18:13 kloofy: oh come dudes, it's possible no scam, but the application has to be relinked , either at runtime or so called on disk
18:14 karolherbst1: what is wrong with doing this? "echo "fma f32 $r0 $r1 0x0 $r2" | envyas -w -m gf100"
18:14 kloofy: you can use a linker to generate whole kernel module as shared library which you link into the binary
18:14 imirkin_: rounding mode missing iirc
18:14 karolherbst1: imirkin_: it works if I write it without a pipe
18:14 imirkin_: oh
18:14 imirkin_: sec
18:15 imirkin_: oh lol
18:15 imirkin_: s/"/'/g
18:15 karolherbst1: ...
18:15 karolherbst: k
18:15 karolherbst: :D
18:15 karolherbst: thanks
18:15 hakzsam: and add -V gk104 if you want kepler
18:15 imirkin_: so... i just ran this
18:15 imirkin_: and it outputted 0xfc10020e
18:15 imirkin_: which is, sadly, wrong
18:16 karolherbst: hakzsam: I target the entire gf100 isa first
18:16 karolherbst: mhh
18:16 imirkin_: this is the short encoding
18:16 imirkin_: which doesn't really work
18:16 karolherbst: echo 'fma f32 $r0 $r1 0x0 $r0' | envyas -w -m gf100
18:16 imirkin_: and/or neither we nor nvidia actually make use of it
18:16 imirkin_: so you have to do
18:16 karolherbst: 0xfc10000e
18:16 karolherbst: is this right?
18:16 imirkin_: it's 4 bytes
18:16 imirkin_: it needs to be 8 bytes
18:16 imirkin_: you need the long encodings
18:16 imirkin_: let me remember how to get those... sec
18:16 hakzsam: -W then :)
18:16 imirkin_: lol, no
18:17 karolherbst: ohh right
18:17 karolherbst: still looks wrong with -W
18:17 karolherbst: :D
18:17 imirkin_: hmmmmmm
18:17 imirkin_: so normally we do it by prepending "long"
18:17 imirkin_: ah right
18:17 imirkin_: so you do need the rounding mode =]

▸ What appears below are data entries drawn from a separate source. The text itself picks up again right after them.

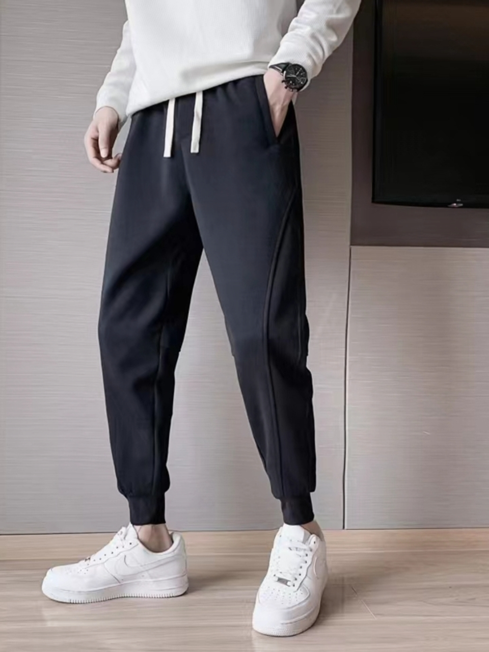 采用优质的加厚弹性面料,配以修身的剪裁,加绒加厚的设计,宽松有型,松紧裤腰,抽绳设计,穿着舒适方便。
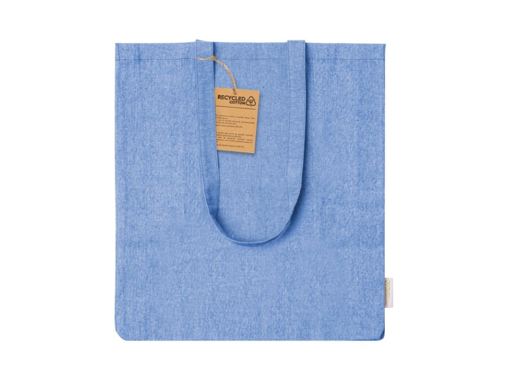 Nákupná taška z recyklovanej bavlny s klinom, dlhými ušami a výrazným štítkom z recyklovanej bavlny.
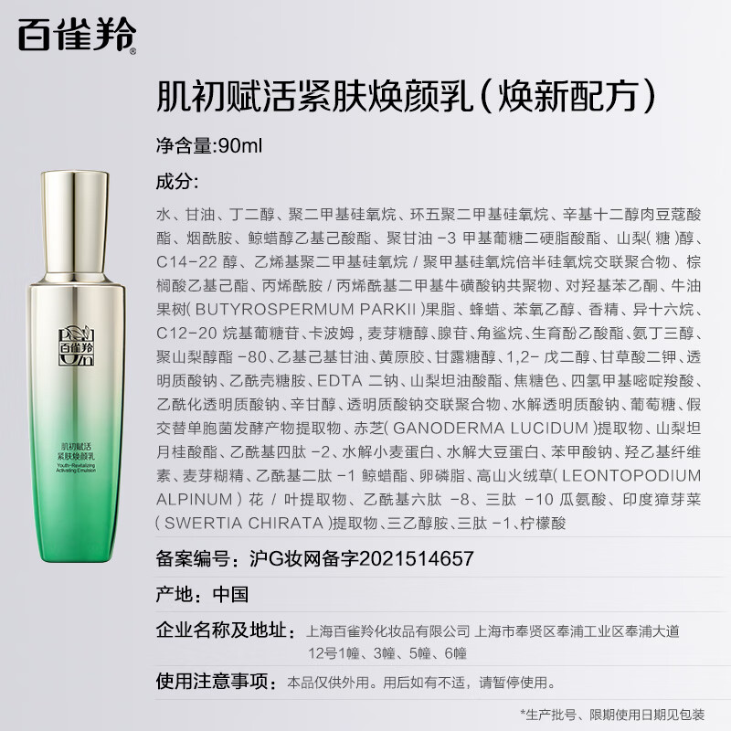 商品标题:百雀羚肌初赋活紧肤焕颜乳90g(单位:瓶)
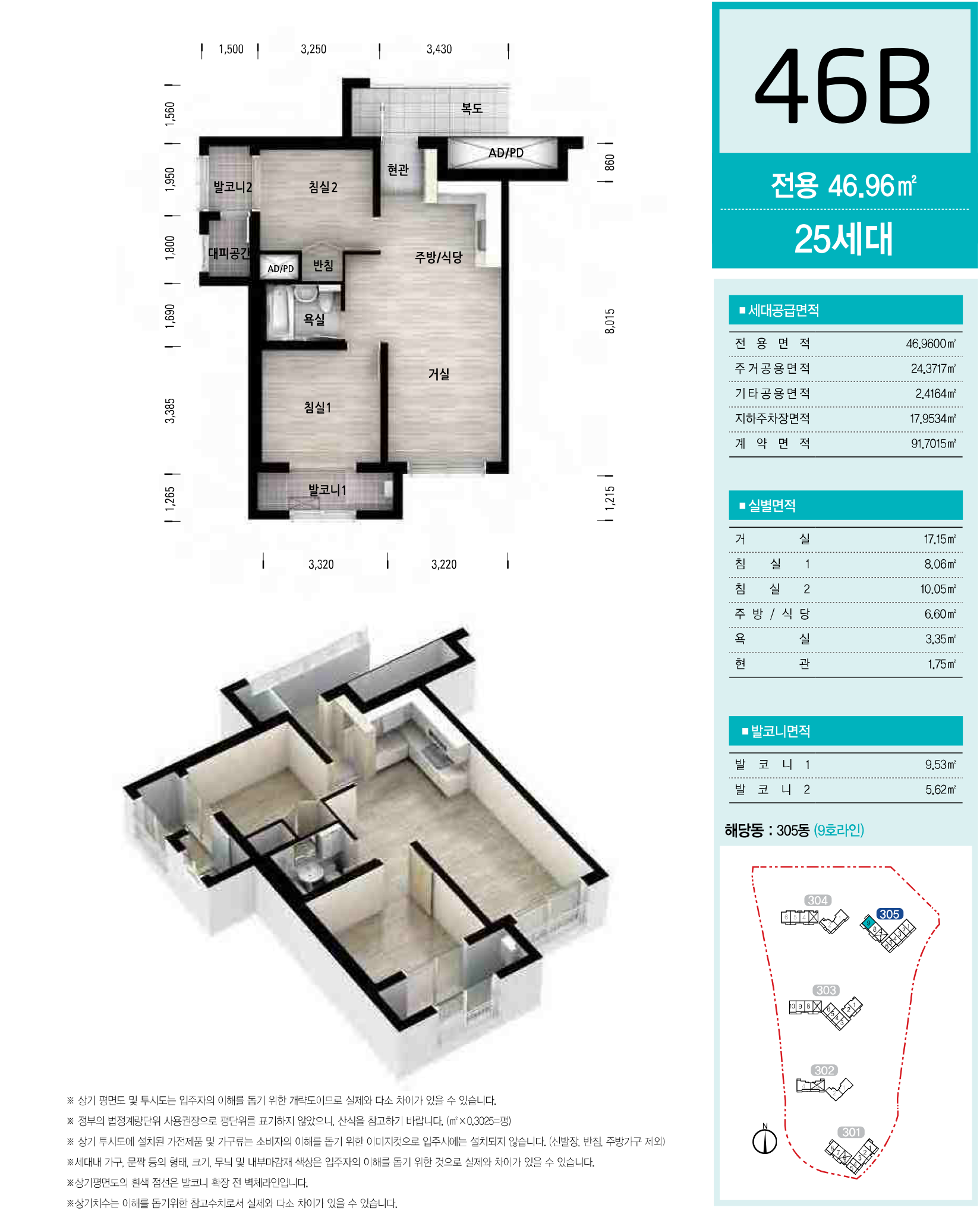 서울서초보금자리주택지구 A3블록 LH 서초3단지 아파트 국민임대주택 전용면적 46㎡의 46B형은 서비스 면적으로 제공되는 주거공용 면적에 추가 발코니 면적을 포함하여 舊, 평형으로 환산하면 약 23.278평으로, 침실 2개와 주방/식당과 거실, 침실 2 반침과 욕실, 실외기 설치 공간이 내부에 있는 발코니 2개와 대피공간 등으로 구성되어 있는 타워형 구조입니다.
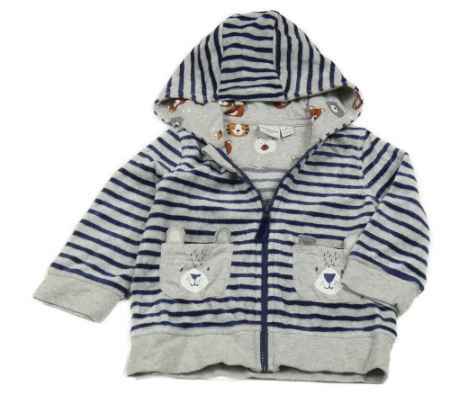 Sivo-modrá pruhovaná zamatová prepínaci mikina s medveďmi a kapucňou manguun
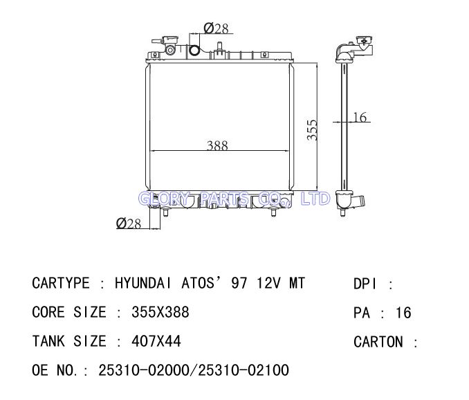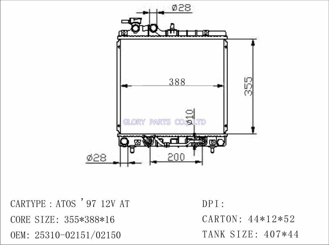 DPI: NISSENS: 67500A OEM: 25310-02000/25310-02100/ 25310-05000 Car Model: Hyundai Atos'97 12V Auto radiator/automovil radiadores
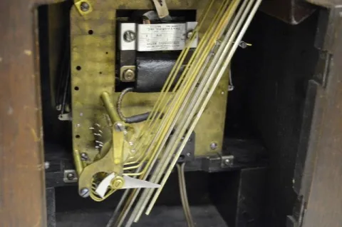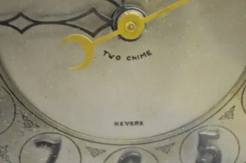With a signed "Revere" movement; an engraved and marked silvered dial with raised numerals and an inside instruction label. The clock is running and s...
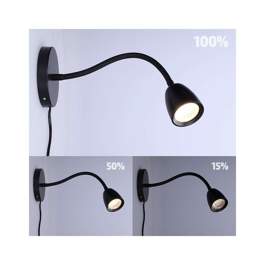 Lampička disponuje praktickým 3-stupňovým stmíváním, které umožňuje snadno nastavit intenzitu světla pomocí jednoduchého vypínače na kabelu. Stačí krátce stisknout pro plný výkon, dvakrát pro poloviční a třikrát pro minimální svit. Tento systém zajišťuje flexibilitu a příjemnou atmosféru doma či v kanceláři.
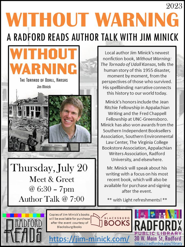 Radford Public Library presents A Radford Reads Author Talk with Jim Minick on Thursday, July 20, 2023.
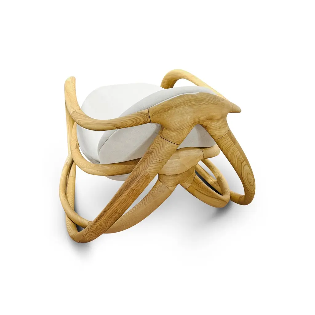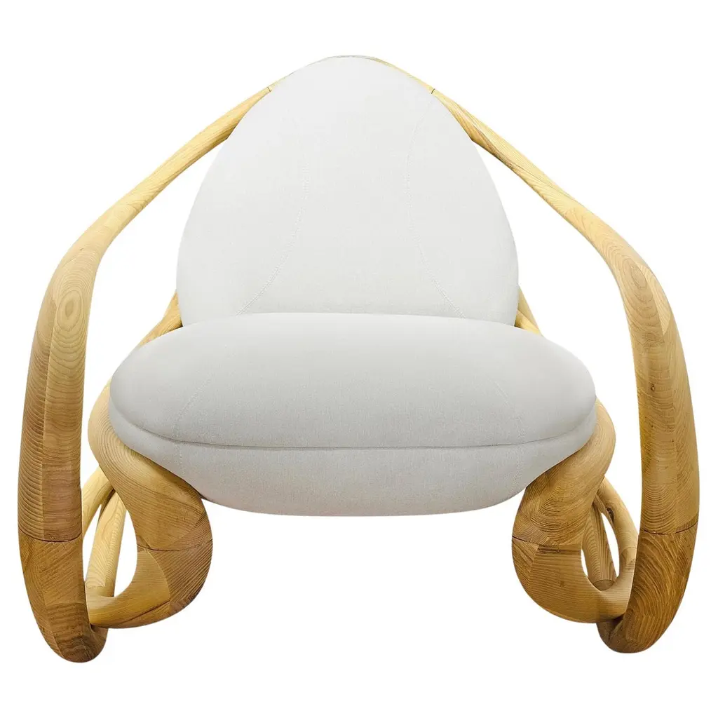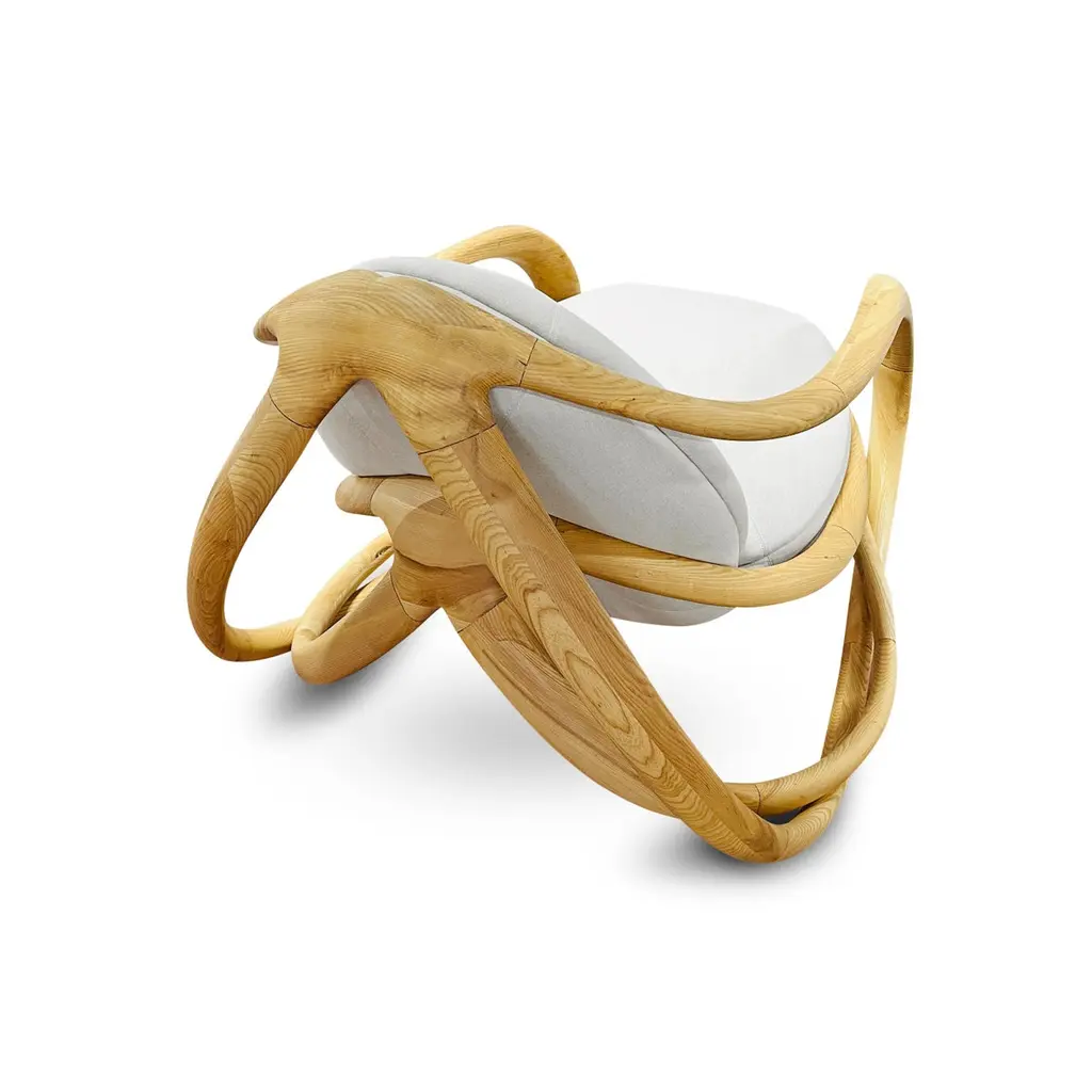 Modern Organic Sculpted Wood Upholstered Fabric Indoor Rocking Chair
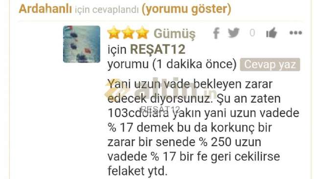 Gümüş için REŞAT12 yorumu ()Yani uzun vade bekleyen zarar edecek diyorsunuz. Şu an zaten 103cdolara yakın yani uzun vadede % 17 demek bu da korkunç bir zarar bir senede % 250 uzun vadede % 17 bir fe geri cekilirse felaket ytd.
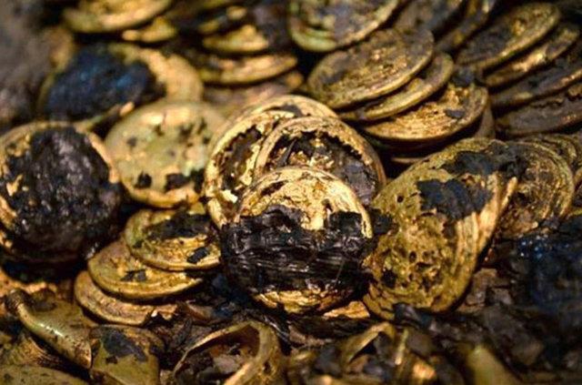Tamamen altın paralar ve eşyalardan oluşan hazine içinde sikkeler, külçe altınlar, yeşim kolyeler ve som altın eşyalar bulunuyor.

18:17 imirkin_: echo 'long fma rn f32 $r0 $r1 0x0 $r2'
18:17 imirkin_: try that
18:18 karolherbst: 0x30040000fc101c00
18:18 imirkin_: also note that you generally need to add either -V gf100 or -V gk104
18:18 imirkin_: leaving the -V off will get you wrong results sometimes
18:18 imirkin_: but not for fma
18:18 imirkin_: -W vs -w just changes whether it outputs a list of u64's or u32's
18:18 imirkin_: it doesn't change the actual data being output
18:18 karolherbst: envydis: 00000000: fc101c00 30040000 fma rn f32 $r0 $r1 0x0 $r2 :)
18:19 karolherbst: okay
18:19 hakzsam: I always use -W actually
18:19 karolherbst: 'long fma rn f32 $r0 $r1 0xc000 $r2' also works
18:20 imirkin_: karolherbst: make sure to double-check those with nvdisasm
18:20 imirkin_: envydis can be wrong
18:20 karolherbst: k
18:20 imirkin_: esp in such matters
18:20 karolherbst: at least envyas supports everything from 0x0 to 0xf000
18:20 imirkin_: makes sense.
18:20 imirkin_: it's a short float
18:21 karolherbst: well only changing the high bits
18:21 karolherbst: 0xef00 doesn'T work
18:21 imirkin_: right
18:21 imirkin_: only get 20 bits
18:21 imirkin_: 0x3f800000 should work though
18:21 imirkin_: (it's the upper 20 bits of a float)
18:21 karolherbst: uhhh
18:21 karolherbst: right
18:22 karolherbst: 0xffff0000 also works
18:22 imirkin_: as should 0xfffff000
18:22 imirkin_: as long as the low 12 bits are all 0's
18:22 karolherbst: ahh okay
18:22 karolherbst: I see
18:22 karolherbst: k
18:22 karolherbst: now the limm mode
18:23 karolherbst: mhh
18:23 karolherbst: how do I use those nvidia tools again?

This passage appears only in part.